» EXTRACTED ENTRIES:
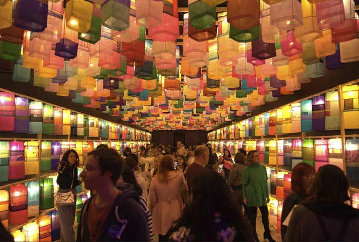 | ▲ 상파울루 한국문화원에 켜진 천여 개의 실크로 만든 소망등 터널(사진=진주시) |
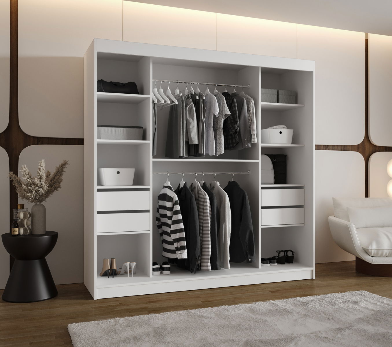 ZobrazitŠatní skříň s posuvnými dveřmi a zrcadlem Ulta je vyrobena v moderním, ale zároveň nadčasovém stylu. K dispozici ve čtyřech barvách a šesti různých velikostech.
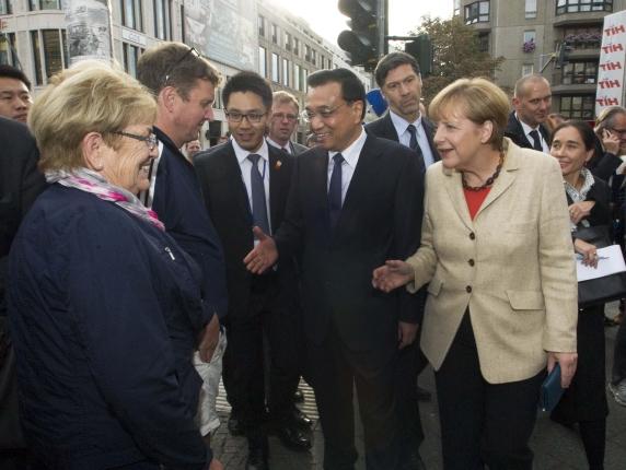 見到兩國總理到來,路邊不少民眾圍了上來,爭相與他們握手、合影。默克爾還把克強(qiáng)總理介紹給一位7、8歲的德國小女孩:“這是我的中國同事。”
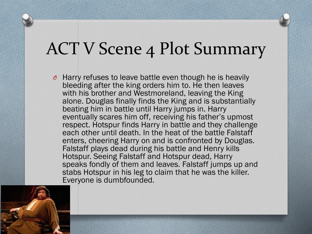 ACT V Scene 4 Plot Summary • Harry refuses to leave battle even though he is heavily bleeding after the king orders him to. He then leaves with his brother and Westmoreland, leaving the King alone. Douglas finally finds the King and is substantially beating him in battle until Harry jumps in. Harry eventually scares him off, receiving his father’s upmost respect. Hotspur finds Harry in battle and they challenge each other until death. In the heat of the battle Falstaff enters, cheering Harry on and is confronted by Douglas. Falstaff plays dead during his battle and Henry kills Hotspur. Seeing Falstaff and Hotspur dead, Harry speaks fondly of them and leaves. Falstaff jumps up and stabs Hotspur in his leg to claim that he was the killer. Everyone is dumbfounded.
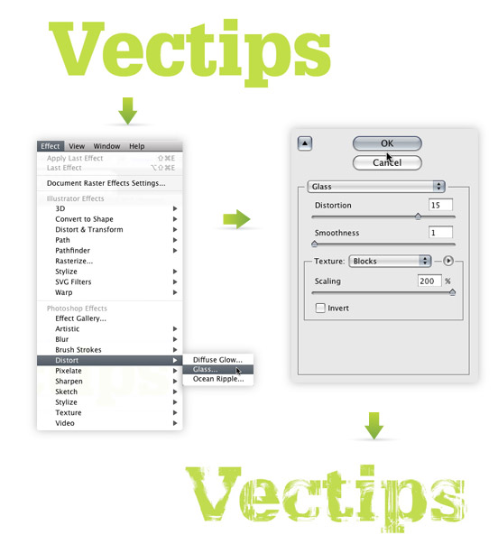 为了产生最佳效果,建议以300dpi使对象栅格化。使用 效果-文档栅格效果设置 并选择 300dpi 。 添加污秽效果 选中文本,使用 效果-扭曲-玻璃 。 在选项中采纳以下设置。 扭曲度:15 平滑度:1 纹理:块状 缩放:200%
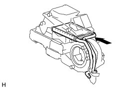 (h) Attach the 2 clamps and install the air conditioning wiring harness to the rear cooling unit case.
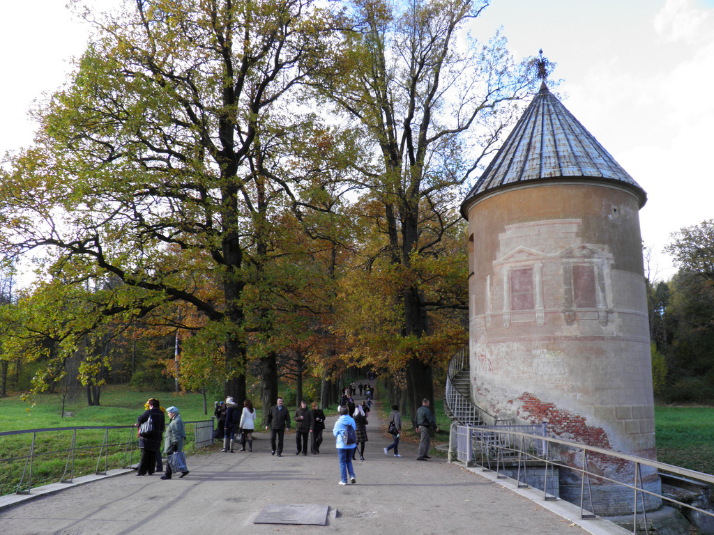 Павловск. Пиль-башня — парковый павильон в два этажа с конической башней. 1797 год. Архитектор. В. Бренна. Башня служила местом отдыха для прогуливающихся по парку. Мост был выстроен в 1807-1808 годах по проекту А. Воронихина. Фото: Alexey Ivanov, flickr.com
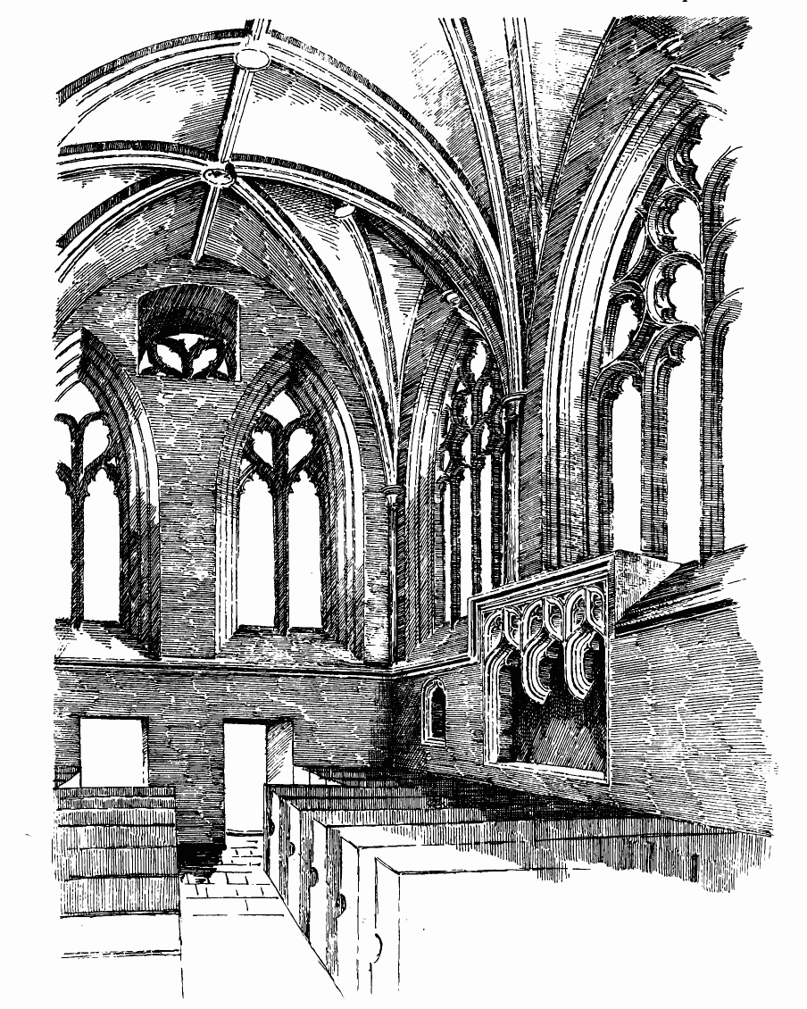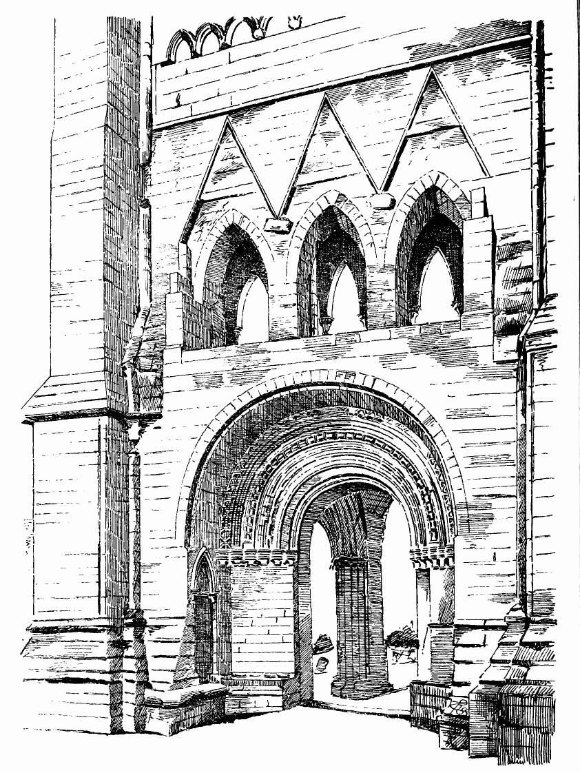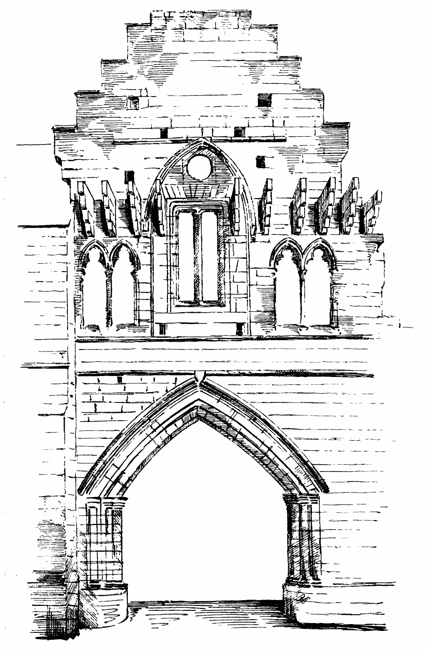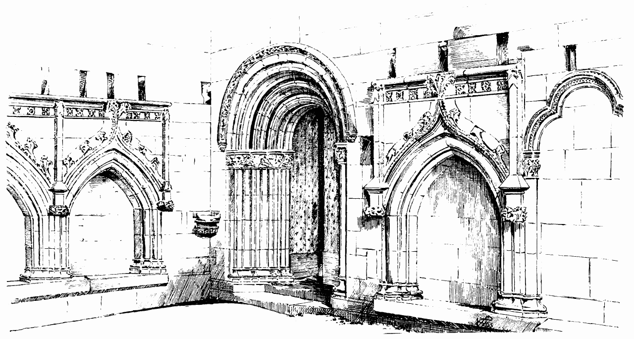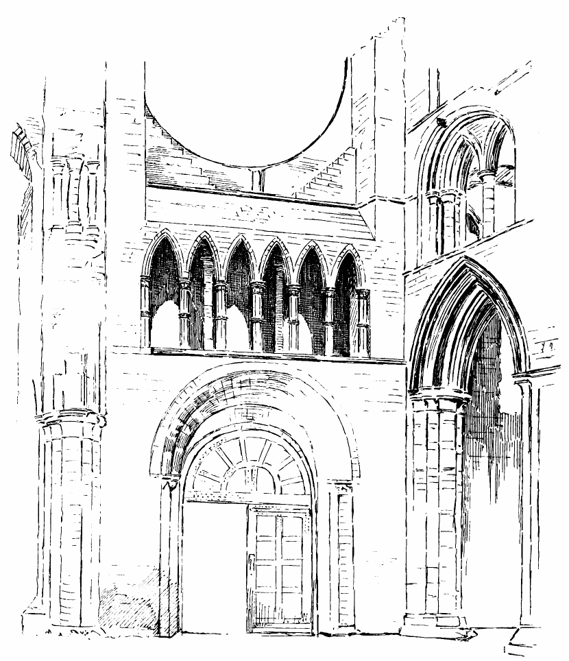 “He [Halderston] built the eastern gable from the foundations, along with its arch [arcuali voltâ].” As Lord Bute remarks—“This must mean only the east window, the greater part of the east wall being of transition work” (see Figs. 443-444.) “He adorned pleasingly the hinder vestry [revestiarium] with the reliques and other restorations and cases [clausaris] at considerable expense.”
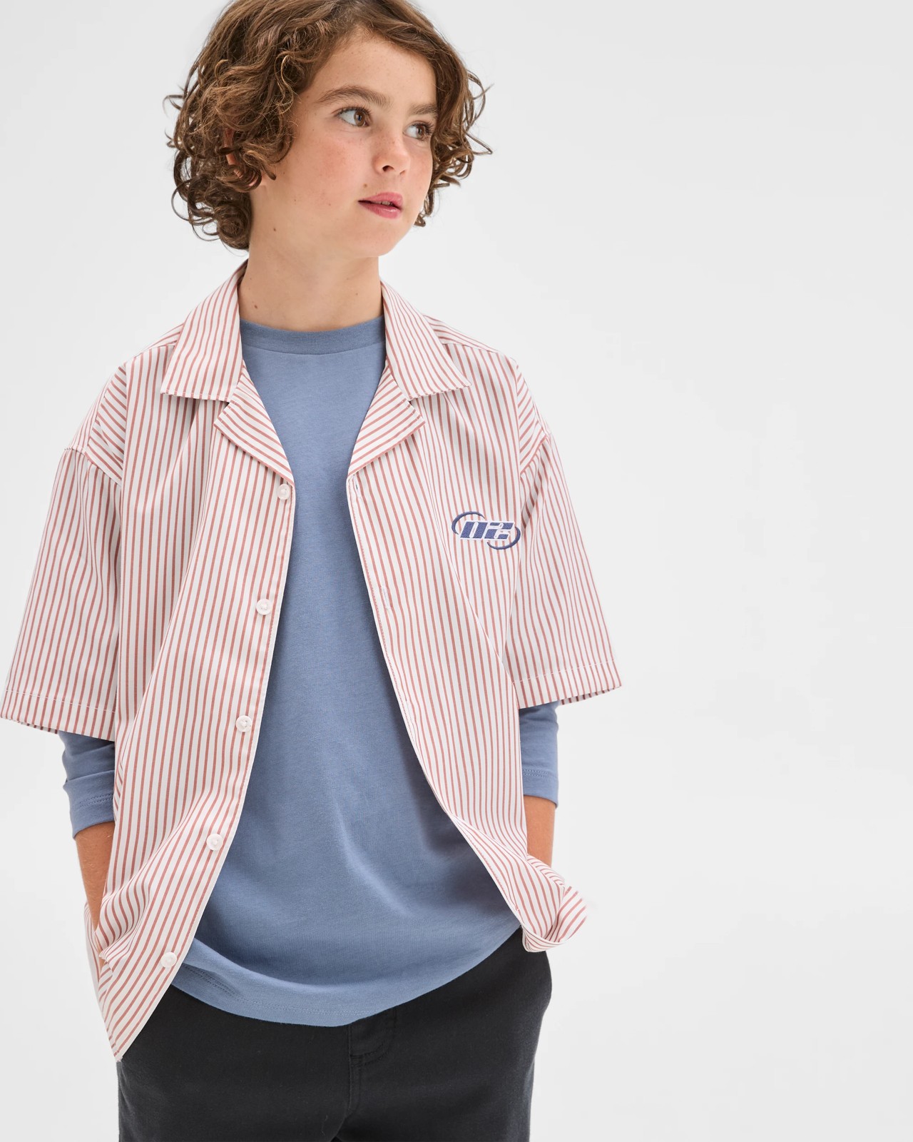 Short Sleeve Boxy Shirt and Long Sleeve T-Shirt Set - Stripe Rust
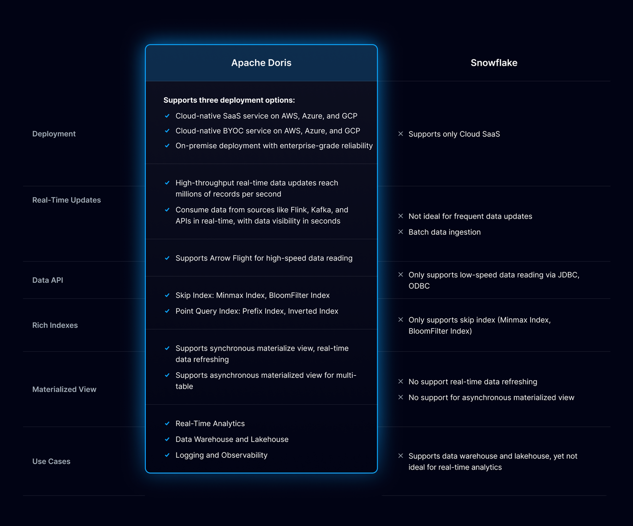 Planet 数据团队也慷慨分享了他从 Snowflake 迁移到 Apache Doris 过程中总结的经验:
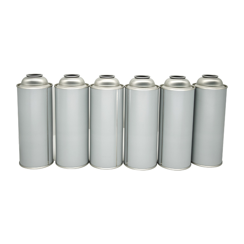 Latas de aerosol vacías de pared recta, redondas, de 65 x 159 mm de diámetro, para gas butano de 227 g.
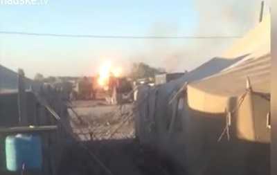 После того, как взорвались все 24 снаряда в машине, загорелся боекомплект, который находился рядом с ней.
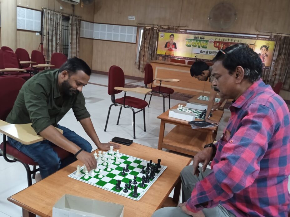 पहले मैच में कौशल तिवारी और बमलेश्वर सोनवानी ने मुकाबले की शुरुआत संयमित अंदाज में की। शुरुआती चालों में दोनों खिलाड़ियों ने अपनी-अपनी रणनीति के तहत मोहरों को सधे हुए ढंग से आगे बढ़ाया। खेल के बीच में कौशल तिवारी ने आक्रामक रुख अपनाने की कोशिश की, लेकिन बमलेश्वर सोनवानी ने धैर्य और सूझबूझ का परिचय देते हुए उनकी चालों का प्रभावी जवाब दिया। निर्णायक क्षण तब आया जब बमलेश्वर सोनवानी ने एक सटीक संयोजन के माध्यम से बढ़त बना ली।
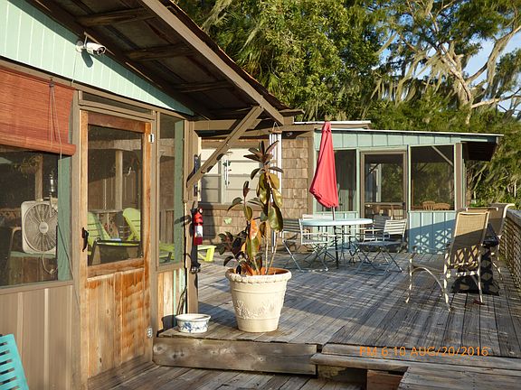 Beautiful move in ready, waterfront property with large wooden deck along the entire back and south side of the property and a private 280 foot pier on Florida's 2nd largest lake, Lake George, on The St Johns River! The main house features water views from every room! Vaulted ceilings, 2 bedrooms, living room, kitchen, bathroom and large waterfront screened and covered porch. The studio apartment has a private entrance with a large open floorplan, including a full kitchen and bathroom, walk in closet, outdoor bathroom and private back patio. At the end of the pier there is a large boat dock with electricity and water service. The home also features a large detached waterfront covered and screened porch with electricity and water. This home home is in a small private section of The Pine Island Fishing Resort, on Lake George among about 3 dozen custom built homes ranging, in value from about $75,000 - over $650,000. This property is surrounded by The Lake George State Forest and offers a very private retreat for outdoor enthusiasts, boaters and fishermen. The Pine Island Fishing Resort area is a well kept secret with a public boat ramp, small bar and one way in and out (by car)... you can also get to The Pine Island Fishing Resort by boat from The St Johns River. This home is in very good condition and continues to be maintained regularly.
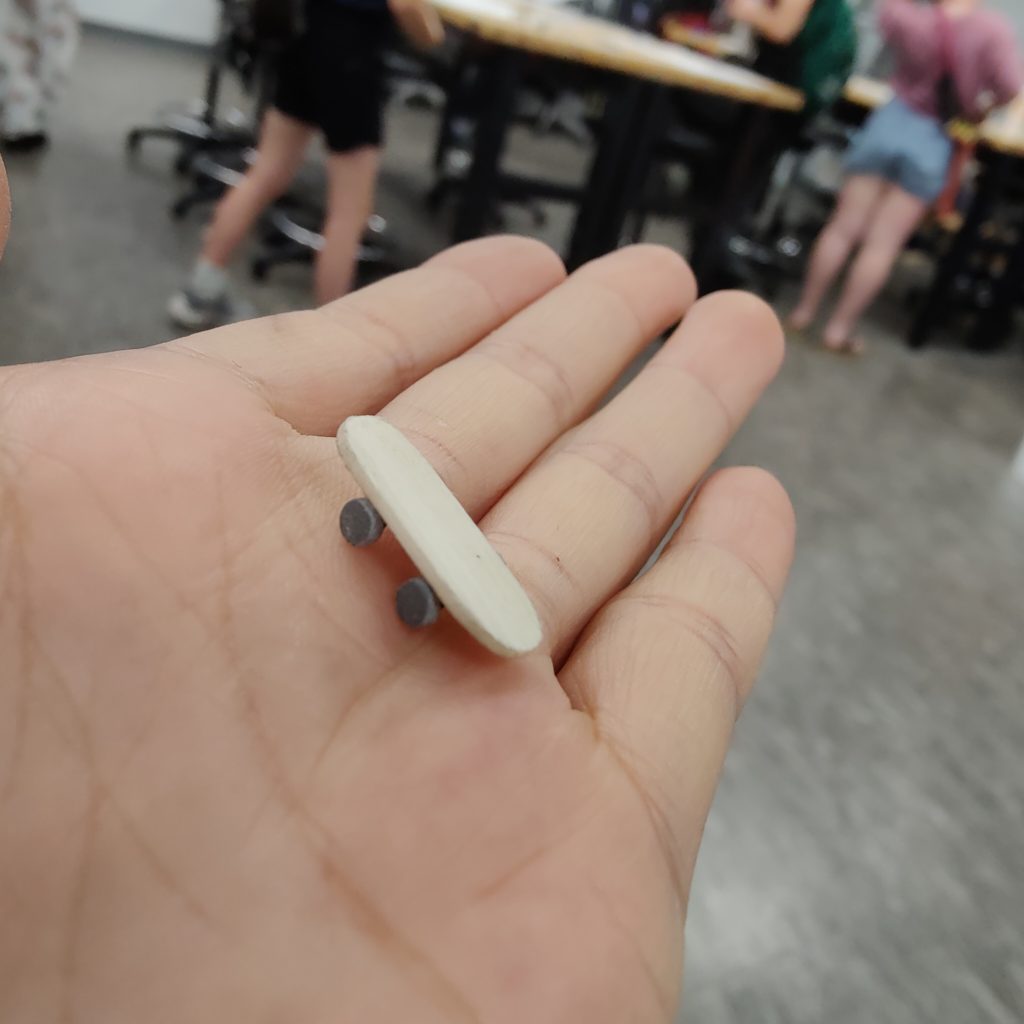 To create the skateboard wheel, I employed pro poxy to sculpt its shape. I then connected the pieces with small wires and finally used 1/16 wire to bend out the shape that allowed the wheel to rotate freely, ensuring it would function properly when in use.

» WHAT TO DO:
The data above holds the lines to copy: start at the one with "見到兩國總理到來,路邊不少民", stop at the one with "Planet 数据团队也慷慨分享了他从 Snowflake", include both, copy them exactly without pictures, and copy nothing else.

» ANSWER TO THIS PROBLEM:
 見到兩國總理到來,路邊不少民眾圍了上來,爭相與他們握手、合影。默克爾還把克強(qiáng)總理介紹給一位7、8歲的德國小女孩:“這是我的中國同事。”
 ACT V Scene 4 Plot Summary • Harry refuses to leave battle even though he is heavily bleeding after the king orders him to. He then leaves with his brother and Westmoreland, leaving the King alone. Douglas finally finds the King and is substantially beating him in battle until Harry jumps in. Harry eventually scares him off, receiving his father’s upmost respect. Hotspur finds Harry in battle and they challenge each other until death. In the heat of the battle Falstaff enters, cheering Harry on and is confronted by Douglas. Falstaff plays dead during his battle and Henry kills Hotspur. Seeing Falstaff and Hotspur dead, Harry speaks fondly of them and leaves. Falstaff jumps up and stabs Hotspur in his leg to claim that he was the killer. Everyone is dumbfounded.
 为了产生最佳效果,建议以300dpi使对象栅格化。使用 效果-文档栅格效果设置 并选择 300dpi 。 添加污秽效果 选中文本,使用 效果-扭曲-玻璃 。 在选项中采纳以下设置。 扭曲度:15 平滑度:1 纹理:块状 缩放:200%
 (h) Attach the 2 clamps and install the air conditioning wiring harness to the rear cooling unit case.
 Павловск. Пиль-башня — парковый павильон в два этажа с конической башней. 1797 год. Архитектор. В. Бренна. Башня служила местом отдыха для прогуливающихся по парку. Мост был выстроен в 1807-1808 годах по проекту А. Воронихина. Фото: Alexey Ivanov, flickr.com
 “He [Halderston] built the eastern gable from the foundations, along with its arch [arcuali voltâ].” As Lord Bute remarks—“This must mean only the east window, the greater part of the east wall being of transition work” (see Figs. 443-444.) “He adorned pleasingly the hinder vestry [revestiarium] with the reliques and other restorations and cases [clausaris] at considerable expense.”
 Short Sleeve Boxy Shirt and Long Sleeve T-Shirt Set - Stripe Rust
 Planet 数据团队也慷慨分享了他从 Snowflake 迁移到 Apache Doris 过程中总结的经验:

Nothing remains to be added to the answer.